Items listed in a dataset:
»»

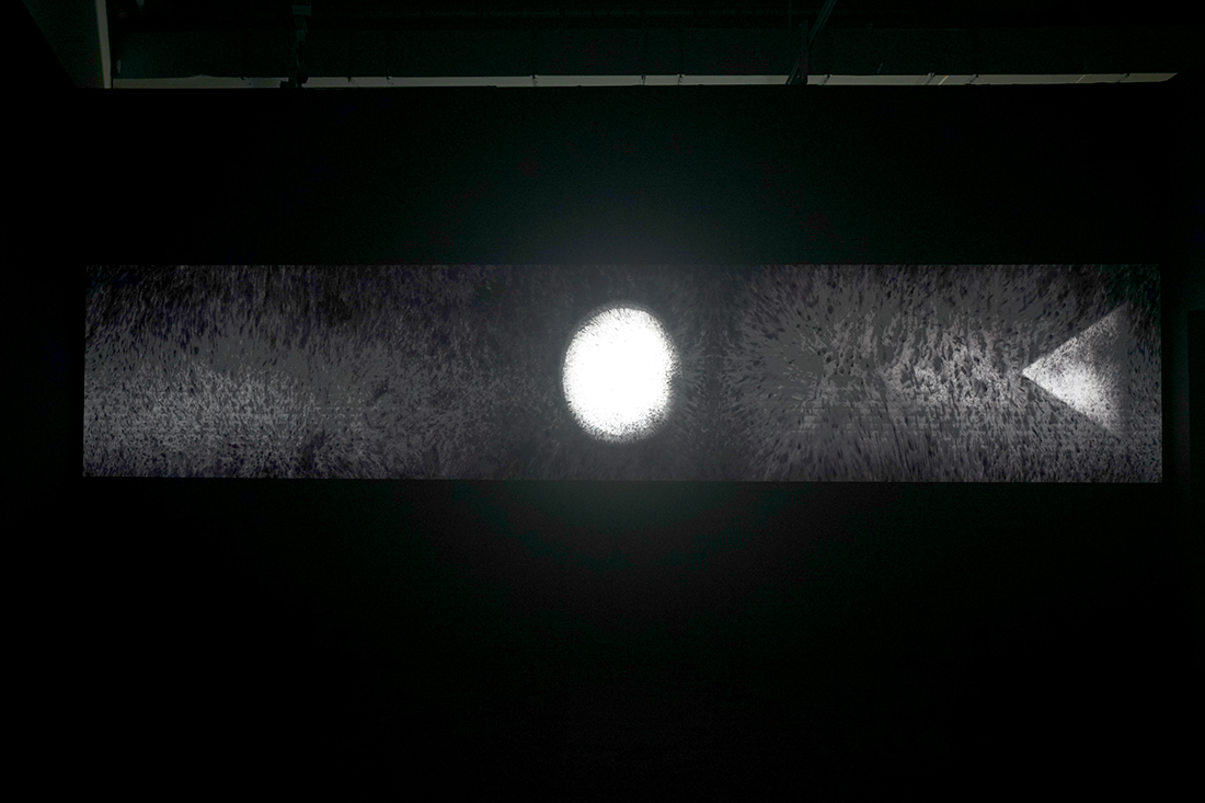 《軌道》,Quadrature,2023。朱利安·戈茨和塞巴斯蒂安·尼特的作品《軌道》則展示了衛星和太空垃圾圍繞我們旋轉時的詩意舞蹈??此苹靵y的路徑變異為有機的視覺模式,背后實則是物理規律的產物。(攝影:蘭紅超)
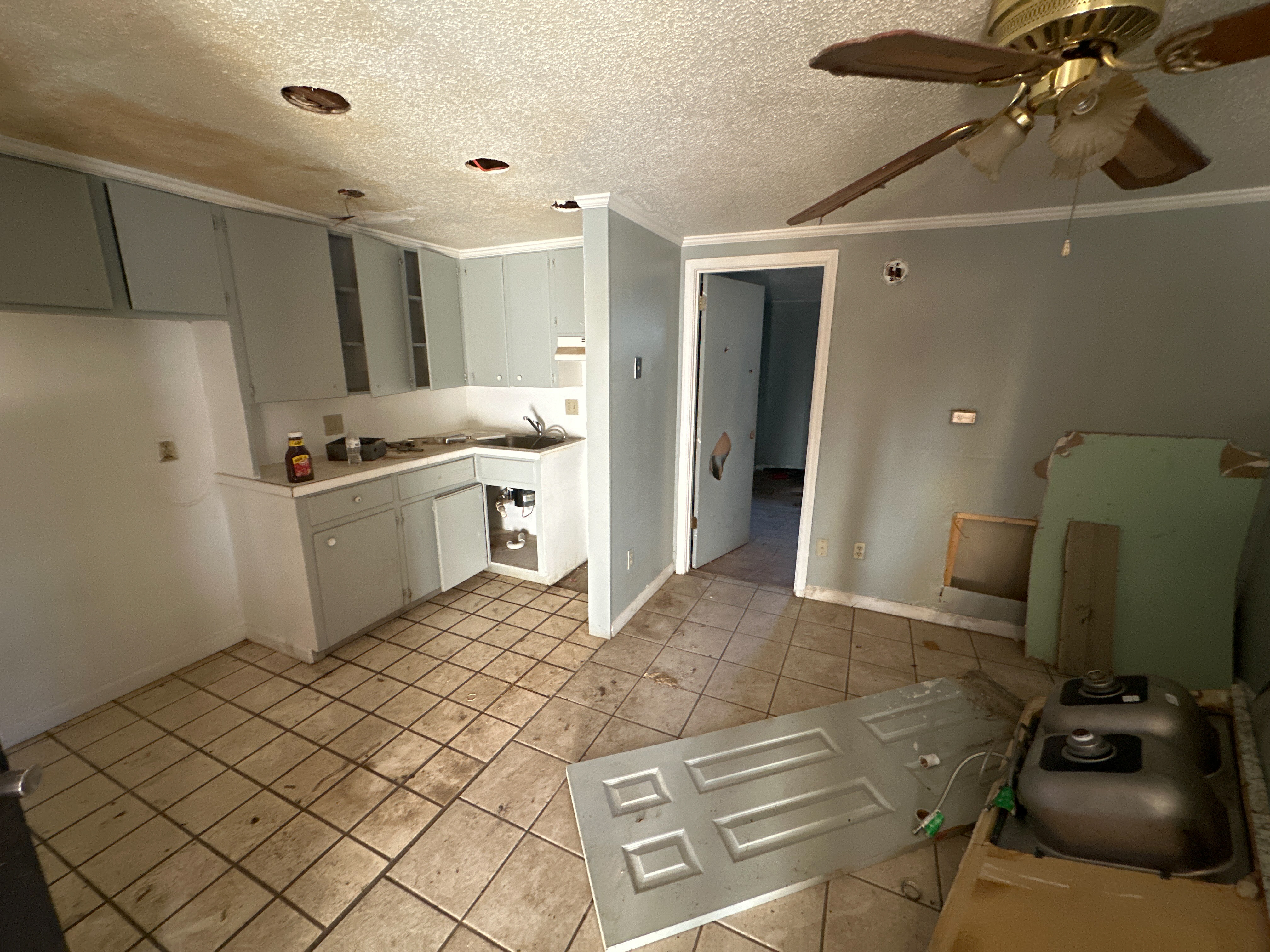 photorealistic renovation of the provided room without changing layout or camera replace all kitchen cabinets with white full overlay shaker and modern black pulls stainless fridge without waterdispenser added at left end with uppers above add 24 30 inch stainless range to right of sink with simple stainless hood and shaker cabinet above repair ceiling and install 4 inch white trim recessed lights at existing holes swap fan for modern white low profile fan with light replace all tile with warm white oak flooring like southern luxe surfside across all visible spaces repair drywall and paint all walls soft white with white trim replace bedroom door hardware with modern black lever add a small 2 person dining set near the new refrigerator in the left foreground stage a compact living area on the right light sofa coffee table low console keep clear walkways show a neatly made bed visible through the rear bedroom doorway remove all debris and damage bright neutral daylight and clean realistic details do not add anything else other than what is in this prompt do not add any windows or doors or remove any walls
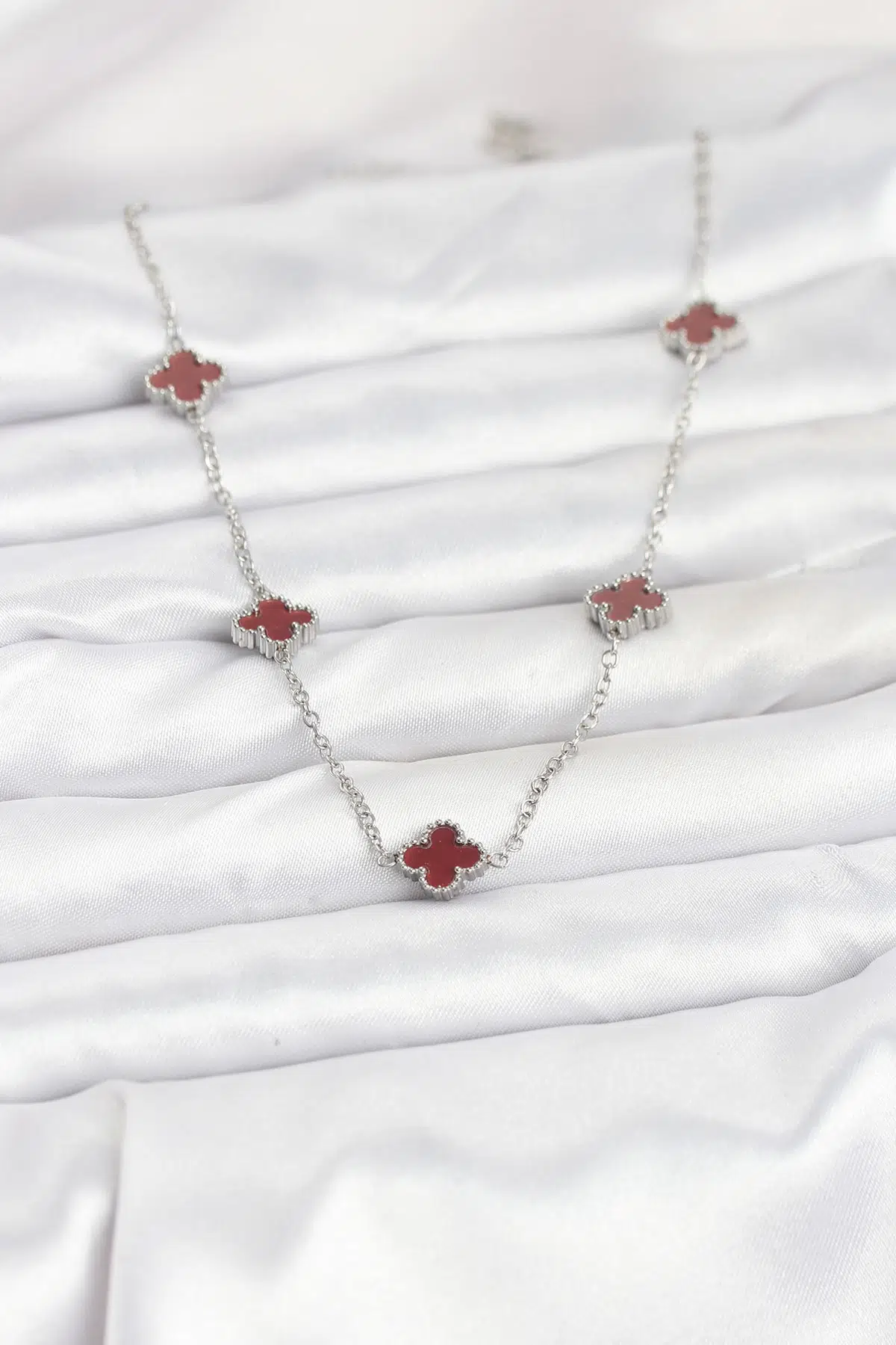 Etiketler | Zincir Gümüş Renk Bordo Baby Boy Yonca Kadın Kolye - EBJ250920W37842 |
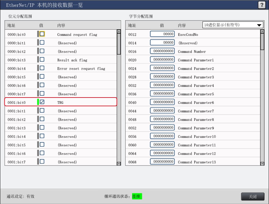 主機(jī)(LJ-S8000系統(tǒng)) 的接收數(shù)據(jù)、發(fā)送數(shù)據(jù)可通過(guò)“一覽顯示”進(jìn)行確認(rèn)的內(nèi)容是一樣的,以下為循環(huán)通信數(shù)據(jù)的分配狀態(tài)。
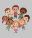 A cute and colourful cartoon illustration of diverse children holding hands in a circle, symbolizing unity, friendship, and inclusivity. The happy expressions on their faces convey joy, togetherness, and teamwork.
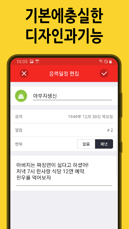 Si es así, intente usar el calendario lunar que es perfecto para los coreanos. No hay problema de verificar la fecha lunar cada año e ingresar el horario. Una vez ingresado, se repite automáticamente todos los años y suena una alarma, por lo que nunca podrá olvidarlo.
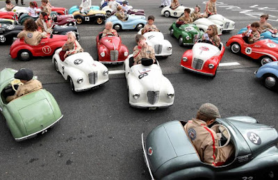 Children react after competing in a pedal car race as motoring enthusiasts attend the Goodwood Revival, a three day classic car racing festival celebrating the mid-20th century heyday of the sport, at Goodwood in southern Britain.
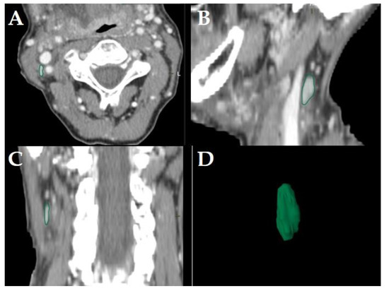 Example of a LN classified as “non-pathologic” in a staging-CT of a 65-year-old, female HNSCC-patient with a tumor of the oral cavity staged cT4a cN2c cM0. Manually segmented LN in the axial plane (A); sagittal (B), coronal (C) reformatted views and three-dimensional rendering (D) of the LN are provided by the software. Neither central necrosis nor soft tissue infiltration nor irregular LN capsule were observed for this LN.

««

◆ **PROBLEM**
Only the pictures may be dropped; print every record exactly as given.

◆ **ANSWER TO THIS PROBLEM**
 《軌道》,Quadrature,2023。朱利安·戈茨和塞巴斯蒂安·尼特的作品《軌道》則展示了衛星和太空垃圾圍繞我們旋轉時的詩意舞蹈??此苹靵y的路徑變異為有機的視覺模式,背后實則是物理規律的產物。(攝影:蘭紅超)
 photorealistic renovation of the provided room without changing layout or camera replace all kitchen cabinets with white full overlay shaker and modern black pulls stainless fridge without waterdispenser added at left end with uppers above add 24 30 inch stainless range to right of sink with simple stainless hood and shaker cabinet above repair ceiling and install 4 inch white trim recessed lights at existing holes swap fan for modern white low profile fan with light replace all tile with warm white oak flooring like southern luxe surfside across all visible spaces repair drywall and paint all walls soft white with white trim replace bedroom door hardware with modern black lever add a small 2 person dining set near the new refrigerator in the left foreground stage a compact living area on the right light sofa coffee table low console keep clear walkways show a neatly made bed visible through the rear bedroom doorway remove all debris and damage bright neutral daylight and clean realistic details do not add anything else other than what is in this prompt do not add any windows or doors or remove any walls
 Etiketler | Zincir Gümüş Renk Bordo Baby Boy Yonca Kadın Kolye - EBJ250920W37842 |
 主機(jī)(LJ-S8000系統(tǒng)) 的接收數(shù)據(jù)、發(fā)送數(shù)據(jù)可通過(guò)“一覽顯示”進(jìn)行確認(rèn)的內(nèi)容是一樣的,以下為循環(huán)通信數(shù)據(jù)的分配狀態(tài)。
 A cute and colourful cartoon illustration of diverse children holding hands in a circle, symbolizing unity, friendship, and inclusivity. The happy expressions on their faces convey joy, togetherness, and teamwork.
 Si es así, intente usar el calendario lunar que es perfecto para los coreanos. No hay problema de verificar la fecha lunar cada año e ingresar el horario. Una vez ingresado, se repite automáticamente todos los años y suena una alarma, por lo que nunca podrá olvidarlo.
 Children react after competing in a pedal car race as motoring enthusiasts attend the Goodwood Revival, a three day classic car racing festival celebrating the mid-20th century heyday of the sport, at Goodwood in southern Britain.
 Example of a LN classified as “non-pathologic” in a staging-CT of a 65-year-old, female HNSCC-patient with a tumor of the oral cavity staged cT4a cN2c cM0. Manually segmented LN in the axial plane (A); sagittal (B), coronal (C) reformatted views and three-dimensional rendering (D) of the LN are provided by the software. Neither central necrosis nor soft tissue infiltration nor irregular LN capsule were observed for this LN.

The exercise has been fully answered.